One might argue, in short, that the article has had a transformative effect on a broad scale—so much so that we should ask whether the recent worldwide economic crisis would have played out in the same fashion had “maximizing shareholder value” not become the largely undisputed rallying cry of the corporate elite and the financial markets.
This question, in fact, will lie at the heart of this year’s Global Peter Drucker Forum, which will be held on Nov. 15 and 16 in Vienna, under the title “Capitalism 2.0.”
What follows is a handful of specific lines of inquiry that I suggest for discussion in preparation for the Forum; feedback from readers will be most appreciated.
- How sound is the claim that shareholders “own” the enterprise? Or is it something fundamentally different to own shares in a company as compared with owning a car or an appartment buidling?
- What were the positive and the negative consequences of making managers the agents of shareholders?
- What are some alternatives to the “shareholder value” model, and how well have they been elucidated by economists and business school research?
- What factors led to Jensen and Meckling’s theory becoming so popular? What can we learn from their success if we want to change the model?
- To what degree has a focus on creating “shareholder value” contributed to the still-unfolding global economic crisis?
As you can probably tell, I am part of today’s growing chorus of critics of “maximizing shareholder value.” However, I remember well that when Lou Gerstner announced in 1993 that “shareholder value” would become one of IBM’s core principles, it made a lot of sense to me as a way to bring the company back to life.
The problem is that many corporations have driven the concept to an extreme. They’ve engaged in knee-jerk cost cutting when all slack has already been removed from the system. Pursuing profit as the purpose of the business seems to have become the norm. Peter Drucker, of course, had a very different view: The purpose of a business is to create a customer.

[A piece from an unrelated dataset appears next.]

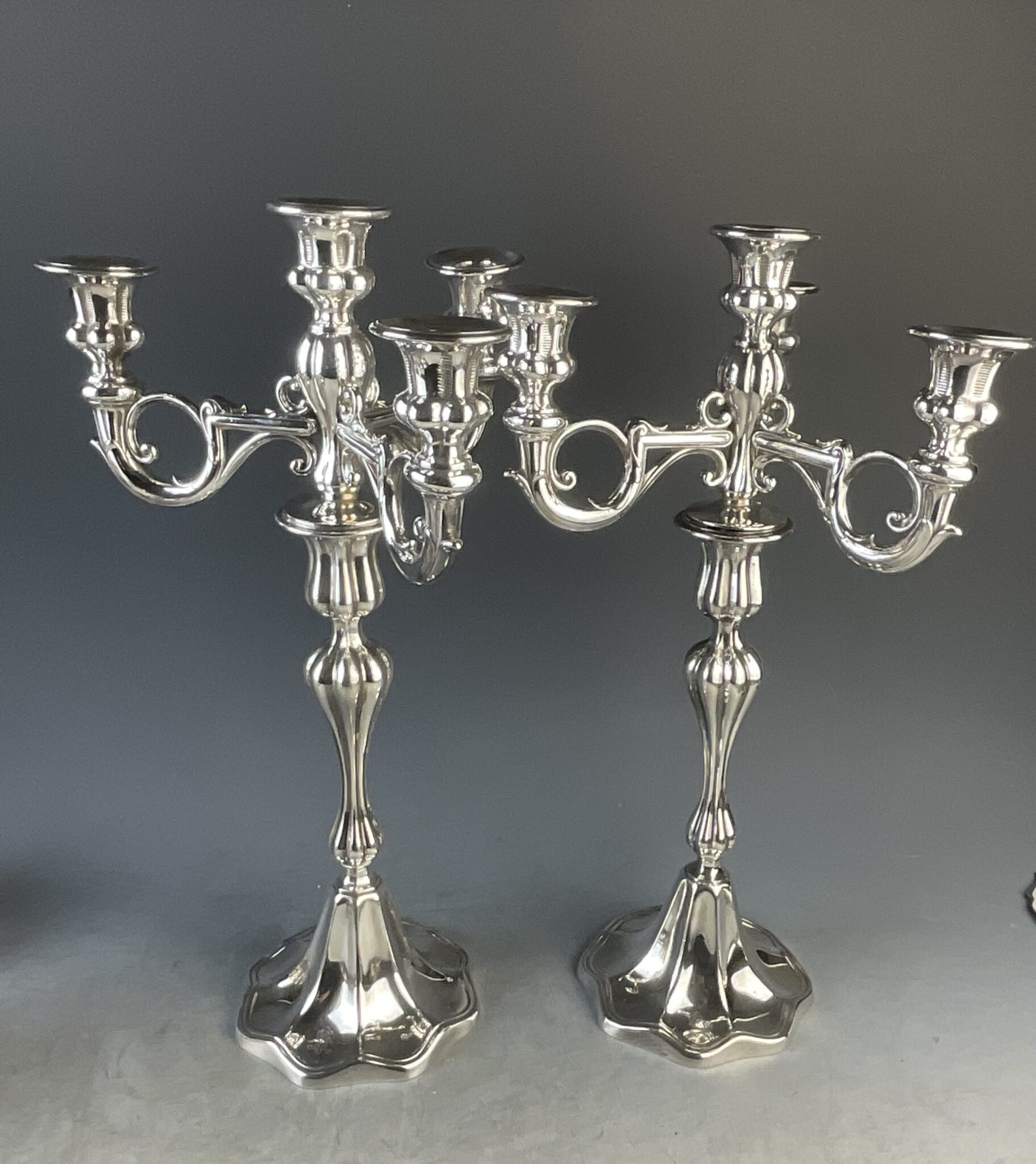 Alpacca, massiv versilbert, Paar Armleuchter mit mehrpassigem Fuss, Faltenzüge, Schaft mit Nodi, abnehmbare, vierflammige Girandolen, am Boden gemarkt mit Firmenmarke ART.KRUPP BERNDORF, handpolierter, tadelloser Erhaltungszustand

We would be interested in your vote on whether “maximizing shareholder value” has had a positive impact, negative impact or been a neutral force, along with a couple of lines to substantiate your position.
Richard Straub
President Peter Drucker Society Europe
8 thoughts on “Shareholder Value – a theory that changed the course of history – for the better or the worse?”
The purpose of an enterprize is to survive for ever and create value for all stakeholders in fair proportions. Fair is defined in different cultures and different times in different ways. In many modern wellfare societies we have reached high levels on Maslows hierarky of needs and we can afford to be fair.
Pursuing profit as the purpose of the business seems to have become the norm. Peter Drucker, of course, had a very different view: The purpose of a business is to create a customer.
what is the difference? what ever way you put it, a company is a legal entity created to make profits. If it has total people oriented motives, its an NGO not a company then.
I think Shanita has it very correctly.
To go a little farther, one could observe that Peter Drucker’s strength was always in his ability to see a more complete picture than typical corporatists.
I can hardly think what he would have had to say about current ‘starve any person or national economy you think to’ capitalists. Other than to observe that they are killing everything they wanted to hope for.
In so many ways, we are running out of time for any ‘humans just go by simple rules and the magic hand makes it work’ approaches to livelihood, aren’t we?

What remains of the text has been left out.